[Provided material]

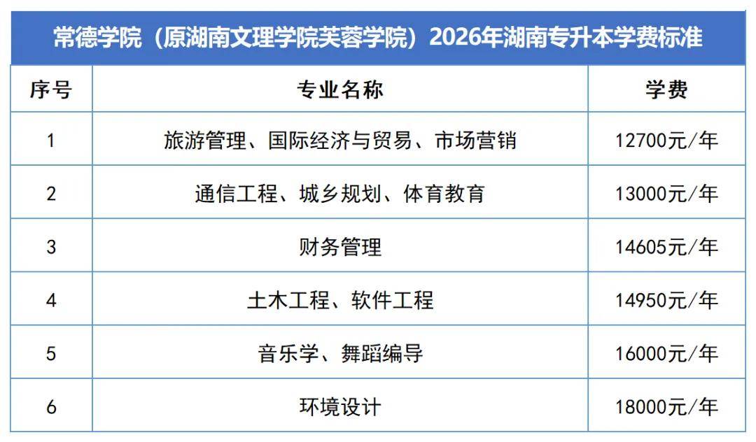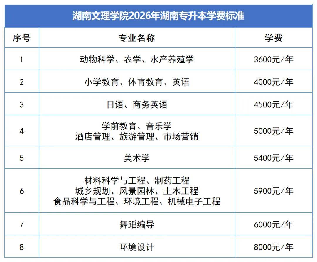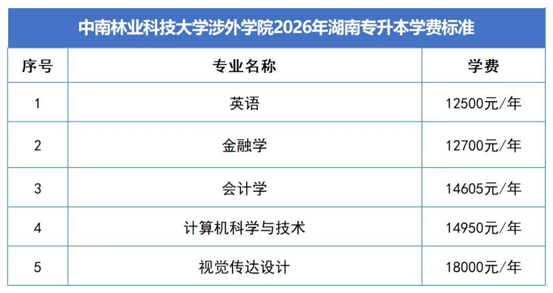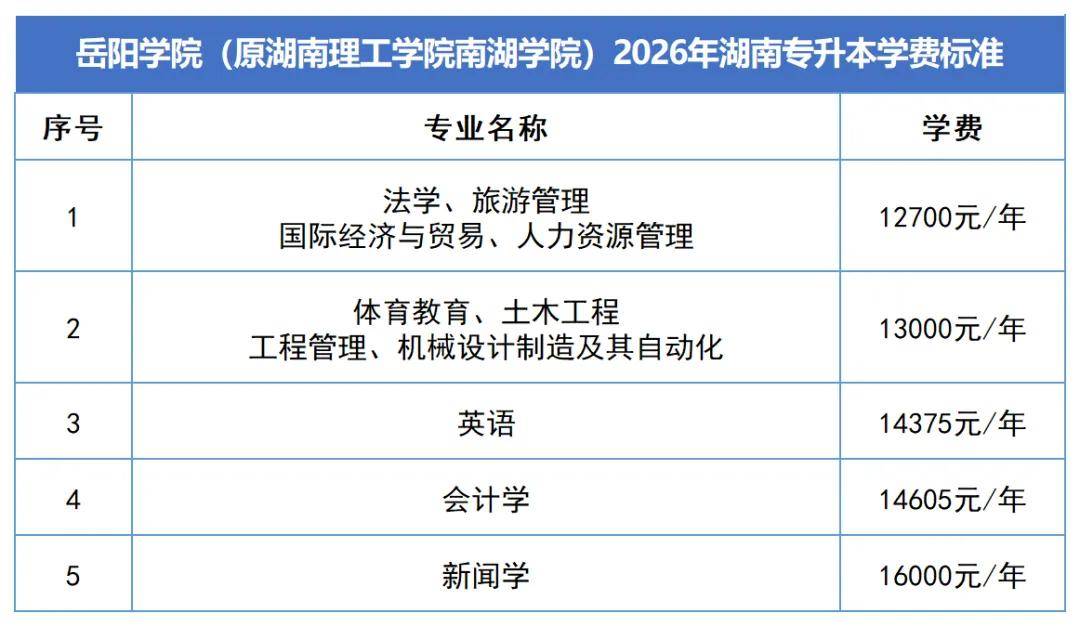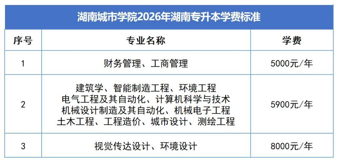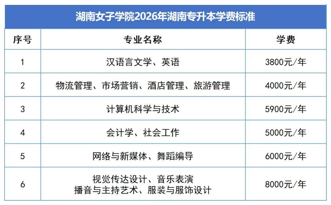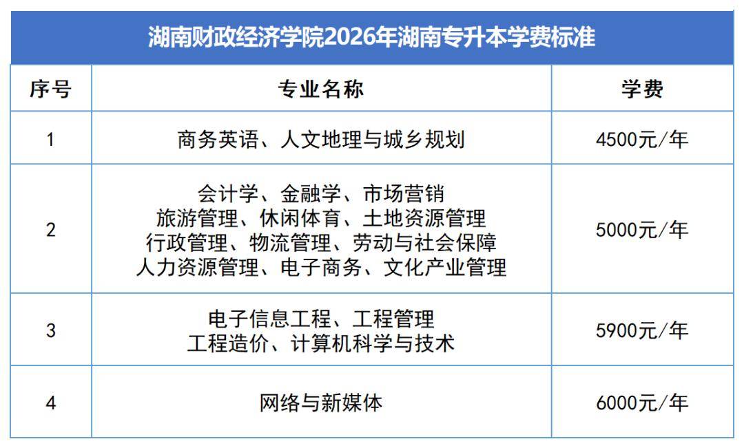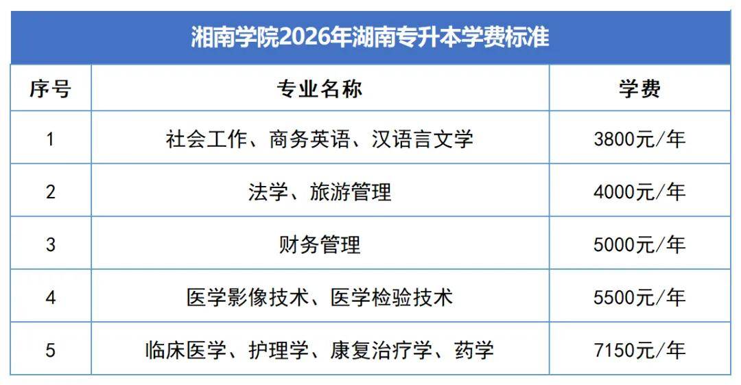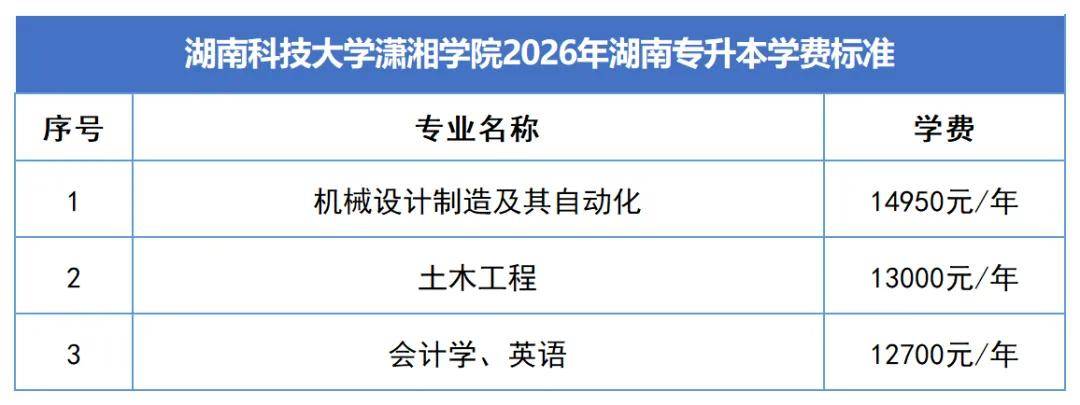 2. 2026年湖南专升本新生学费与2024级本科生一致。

==

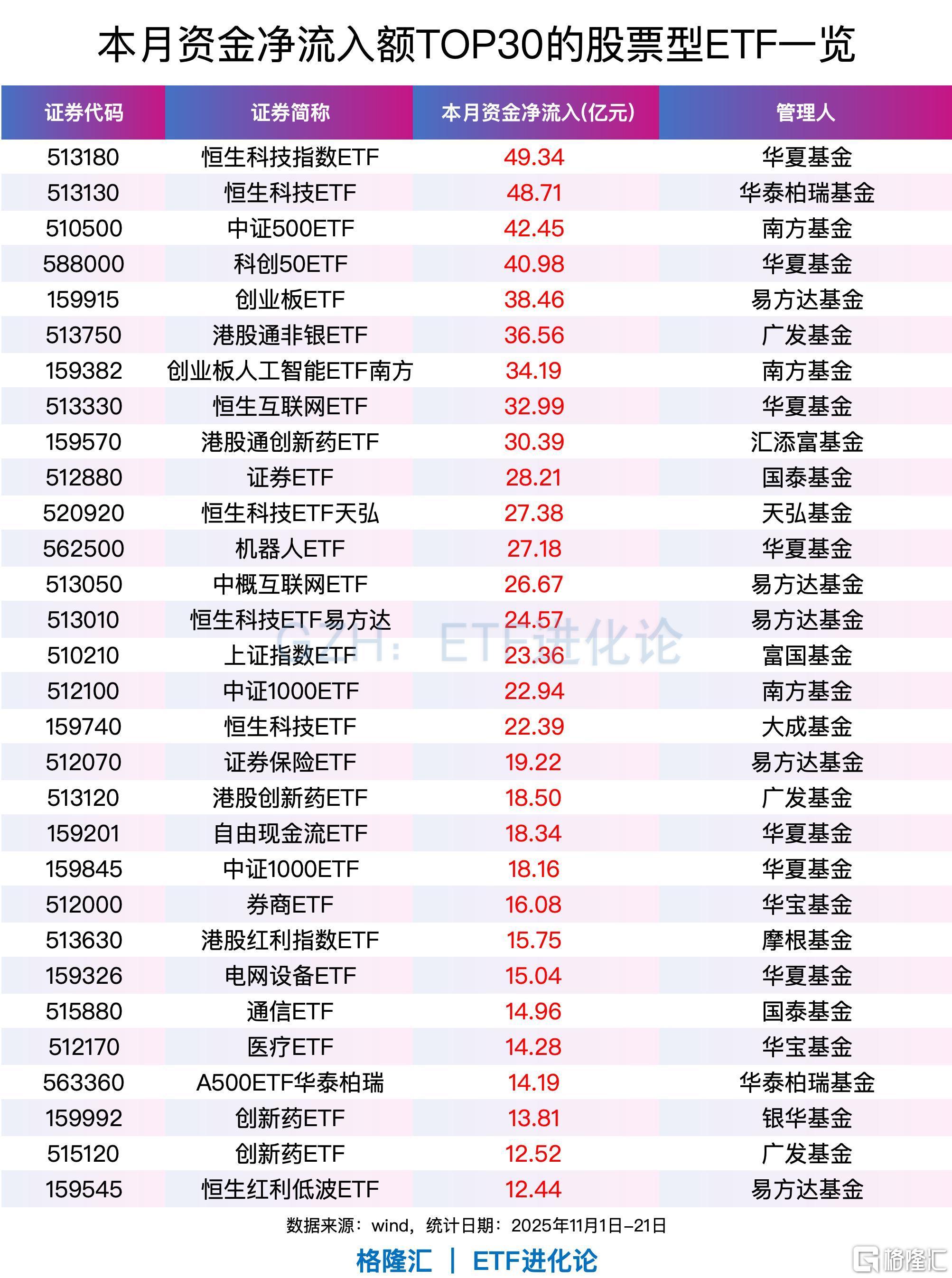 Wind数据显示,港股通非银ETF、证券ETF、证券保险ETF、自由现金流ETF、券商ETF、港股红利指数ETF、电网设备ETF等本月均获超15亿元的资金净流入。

---

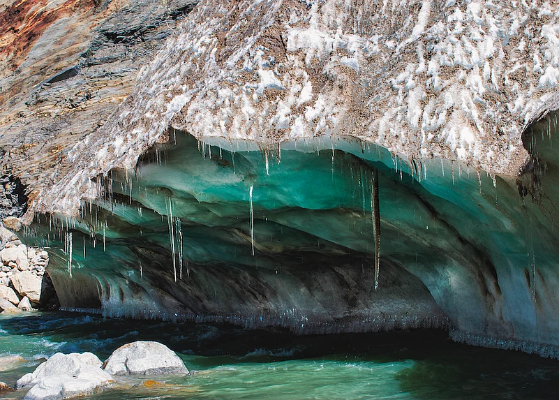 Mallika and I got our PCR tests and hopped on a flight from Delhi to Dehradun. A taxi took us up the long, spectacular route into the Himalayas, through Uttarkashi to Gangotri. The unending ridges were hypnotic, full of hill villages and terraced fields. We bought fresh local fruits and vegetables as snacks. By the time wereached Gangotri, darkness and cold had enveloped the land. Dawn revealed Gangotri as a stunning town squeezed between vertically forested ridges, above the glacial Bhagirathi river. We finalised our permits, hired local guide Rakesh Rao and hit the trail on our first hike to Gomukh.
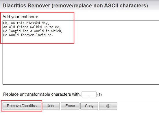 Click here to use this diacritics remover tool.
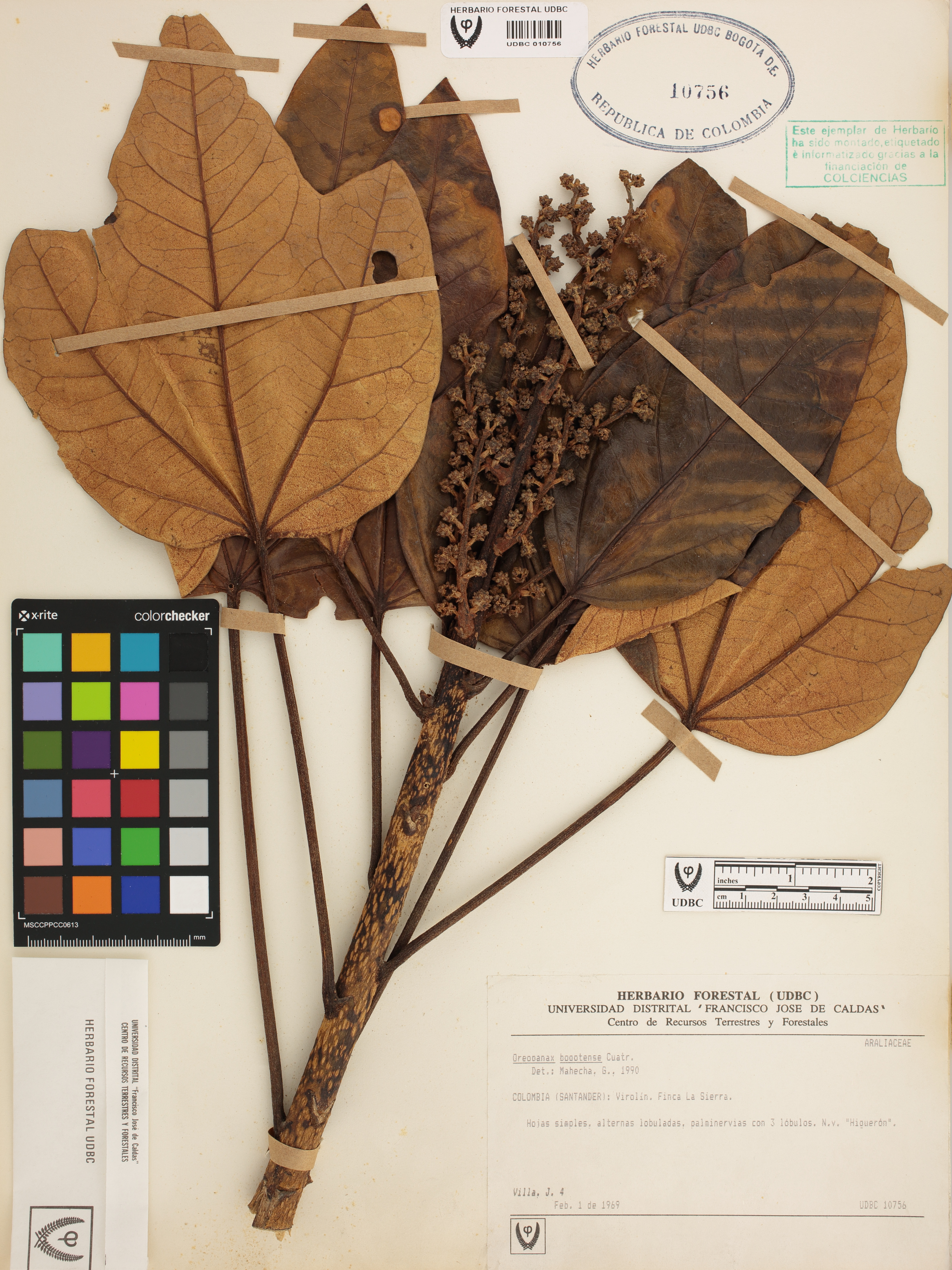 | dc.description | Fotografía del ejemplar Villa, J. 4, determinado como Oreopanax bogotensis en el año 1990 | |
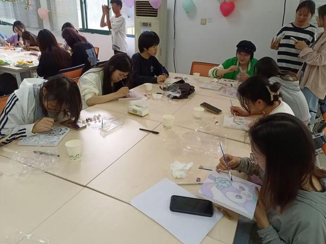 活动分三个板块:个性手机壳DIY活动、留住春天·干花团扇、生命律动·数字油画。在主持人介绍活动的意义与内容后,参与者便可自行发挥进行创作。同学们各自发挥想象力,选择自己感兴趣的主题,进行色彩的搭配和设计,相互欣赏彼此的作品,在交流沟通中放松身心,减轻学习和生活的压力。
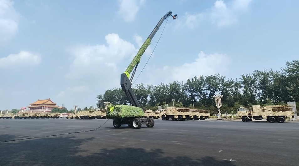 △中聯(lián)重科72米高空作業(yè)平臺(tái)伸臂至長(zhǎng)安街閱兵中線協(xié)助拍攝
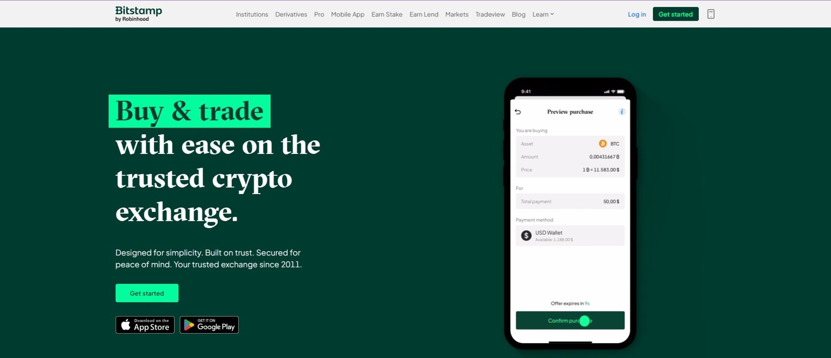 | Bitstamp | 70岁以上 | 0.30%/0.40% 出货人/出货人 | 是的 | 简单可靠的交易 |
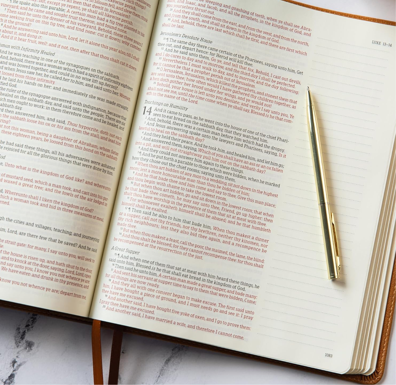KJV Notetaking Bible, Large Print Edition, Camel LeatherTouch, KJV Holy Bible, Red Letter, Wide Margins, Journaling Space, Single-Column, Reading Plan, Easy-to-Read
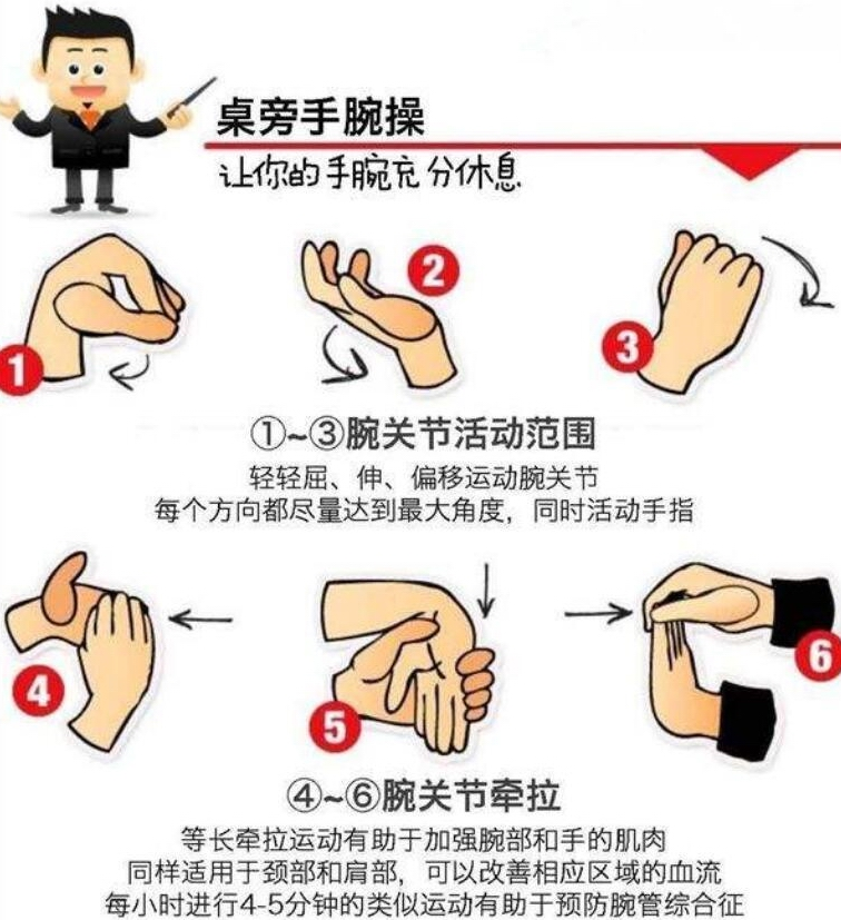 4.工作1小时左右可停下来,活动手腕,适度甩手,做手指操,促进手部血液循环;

[Work to complete]
Using the data above, which lines fall from the one with "año 1990 | |" through the one with "4.工作1小时左右可停下来,活动手腕,适度甩手,做手指操,促进手部血液循环;"? Repeat them exactly, ends included, minus any pictures.

[Exercise output]
 | dc.description | Fotografía del ejemplar Villa, J. 4, determinado como Oreopanax bogotensis en el año 1990 | |
 活动分三个板块:个性手机壳DIY活动、留住春天·干花团扇、生命律动·数字油画。在主持人介绍活动的意义与内容后,参与者便可自行发挥进行创作。同学们各自发挥想象力,选择自己感兴趣的主题,进行色彩的搭配和设计,相互欣赏彼此的作品,在交流沟通中放松身心,减轻学习和生活的压力。
 △中聯(lián)重科72米高空作業(yè)平臺(tái)伸臂至長(zhǎng)安街閱兵中線協(xié)助拍攝
 | Bitstamp | 70岁以上 | 0.30%/0.40% 出货人/出货人 | 是的 | 简单可靠的交易 |
KJV Notetaking Bible, Large Print Edition, Camel LeatherTouch, KJV Holy Bible, Red Letter, Wide Margins, Journaling Space, Single-Column, Reading Plan, Easy-to-Read
 4.工作1小时左右可停下来,活动手腕,适度甩手,做手指操,促进手部血液循环;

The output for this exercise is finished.